**Task statement**:
Set down, word for word, only the lines from the start of the records through the line bearing "РазмножениеВсе ланцетники –"; include no pictures.

Items listed in a dataset:
++++++++
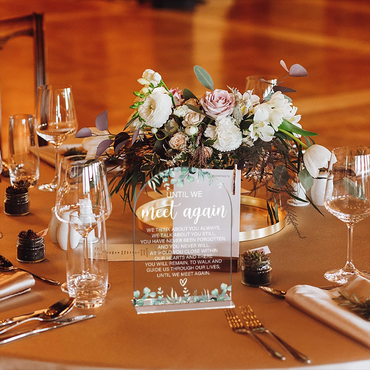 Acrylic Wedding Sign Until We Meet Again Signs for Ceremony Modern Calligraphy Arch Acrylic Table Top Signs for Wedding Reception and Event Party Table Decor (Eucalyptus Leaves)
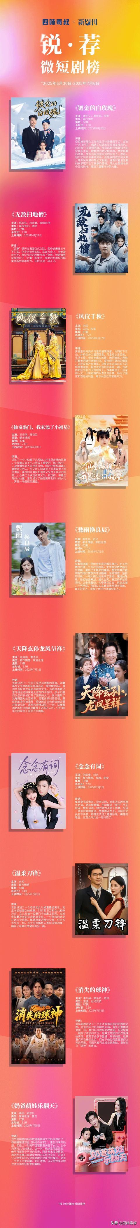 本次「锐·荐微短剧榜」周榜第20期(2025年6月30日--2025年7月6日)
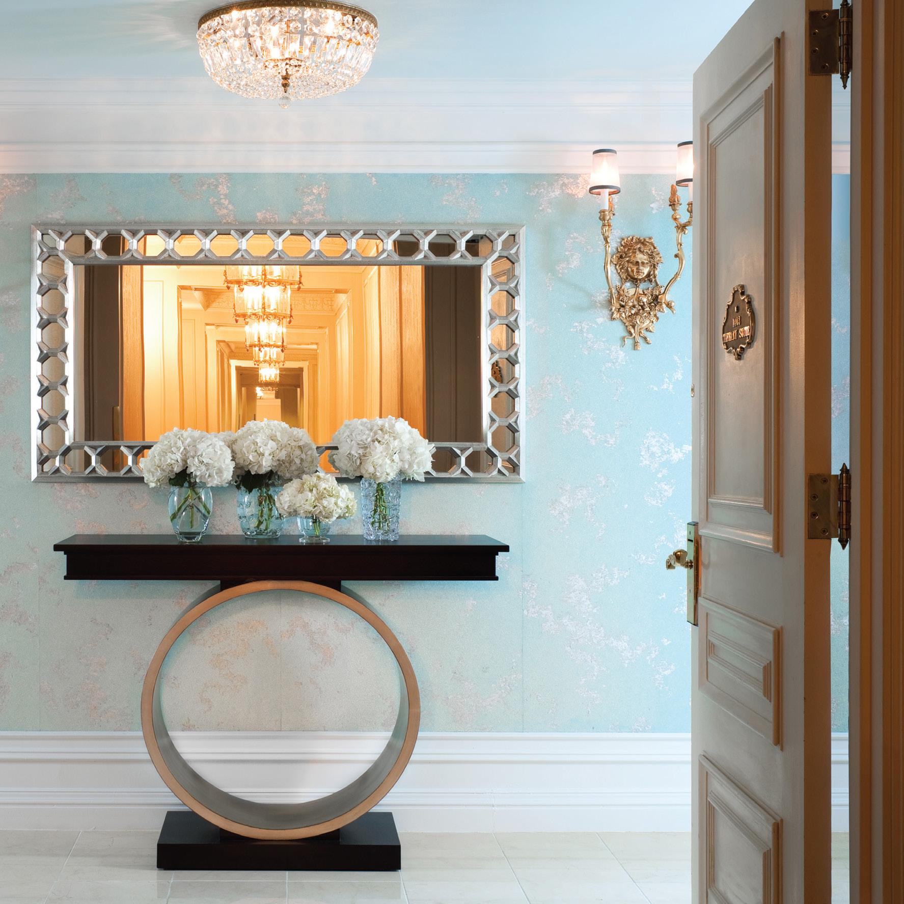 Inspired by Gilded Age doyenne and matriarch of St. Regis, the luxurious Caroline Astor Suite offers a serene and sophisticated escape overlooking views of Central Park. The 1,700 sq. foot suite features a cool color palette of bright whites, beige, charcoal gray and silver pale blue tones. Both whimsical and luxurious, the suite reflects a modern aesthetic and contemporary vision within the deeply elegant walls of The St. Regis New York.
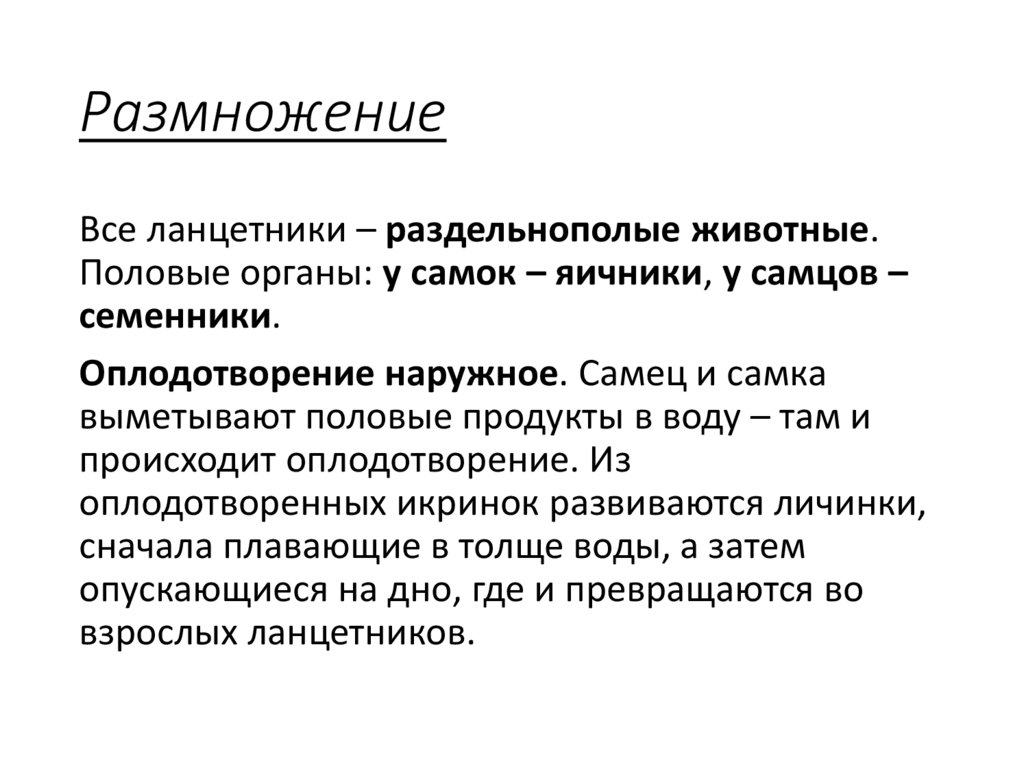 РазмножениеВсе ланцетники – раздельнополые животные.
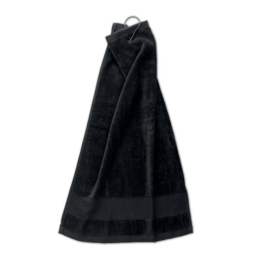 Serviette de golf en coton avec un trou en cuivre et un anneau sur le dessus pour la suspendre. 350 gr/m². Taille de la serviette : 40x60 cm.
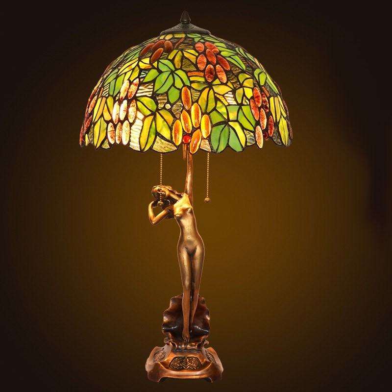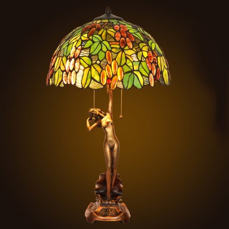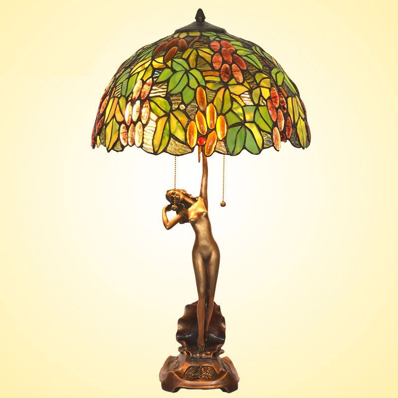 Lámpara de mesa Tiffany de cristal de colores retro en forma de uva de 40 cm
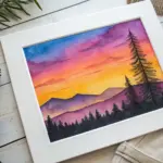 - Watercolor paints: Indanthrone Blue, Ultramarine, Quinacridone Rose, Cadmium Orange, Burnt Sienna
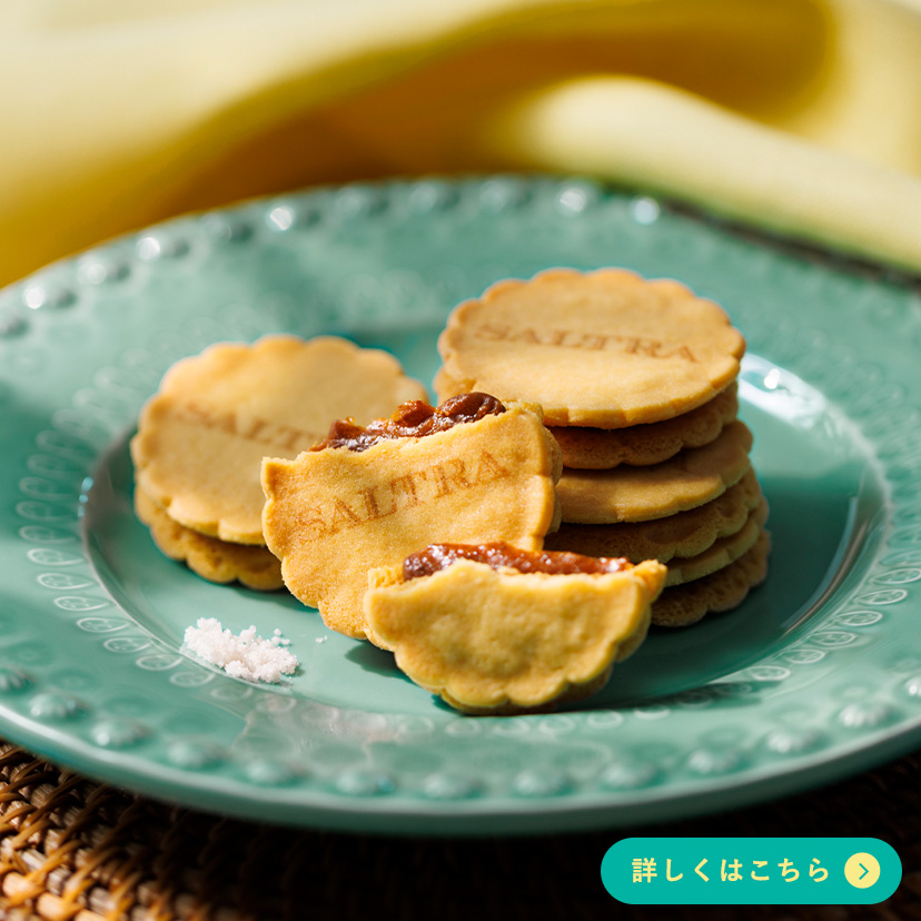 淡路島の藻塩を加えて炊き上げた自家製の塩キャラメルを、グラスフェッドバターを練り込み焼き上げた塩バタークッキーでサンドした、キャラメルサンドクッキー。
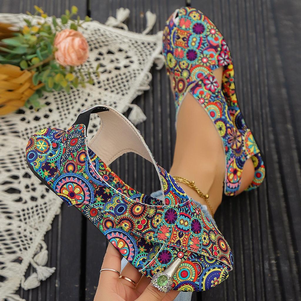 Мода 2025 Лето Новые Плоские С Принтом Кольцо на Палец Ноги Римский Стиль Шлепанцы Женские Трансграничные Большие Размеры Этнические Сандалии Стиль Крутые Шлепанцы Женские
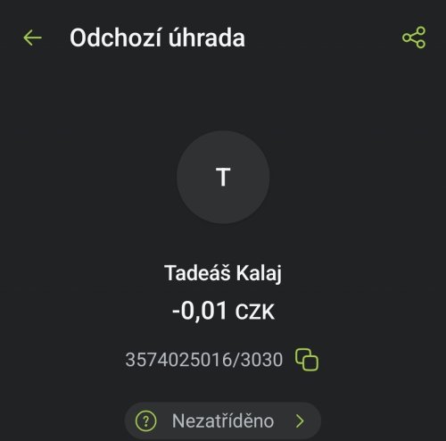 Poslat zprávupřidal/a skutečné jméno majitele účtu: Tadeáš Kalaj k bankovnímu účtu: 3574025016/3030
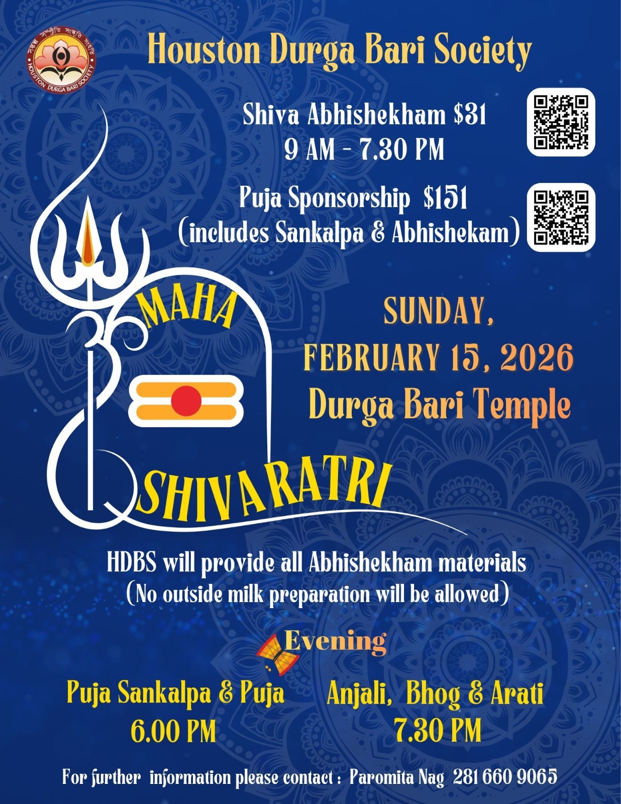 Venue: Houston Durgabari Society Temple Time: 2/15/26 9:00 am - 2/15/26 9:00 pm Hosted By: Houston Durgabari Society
++++++++
**Answer box**:
 Acrylic Wedding Sign Until We Meet Again Signs for Ceremony Modern Calligraphy Arch Acrylic Table Top Signs for Wedding Reception and Event Party Table Decor (Eucalyptus Leaves)
 本次「锐·荐微短剧榜」周榜第20期(2025年6月30日--2025年7月6日)
 Inspired by Gilded Age doyenne and matriarch of St. Regis, the luxurious Caroline Astor Suite offers a serene and sophisticated escape overlooking views of Central Park. The 1,700 sq. foot suite features a cool color palette of bright whites, beige, charcoal gray and silver pale blue tones. Both whimsical and luxurious, the suite reflects a modern aesthetic and contemporary vision within the deeply elegant walls of The St. Regis New York.
 РазмножениеВсе ланцетники – раздельнополые животные.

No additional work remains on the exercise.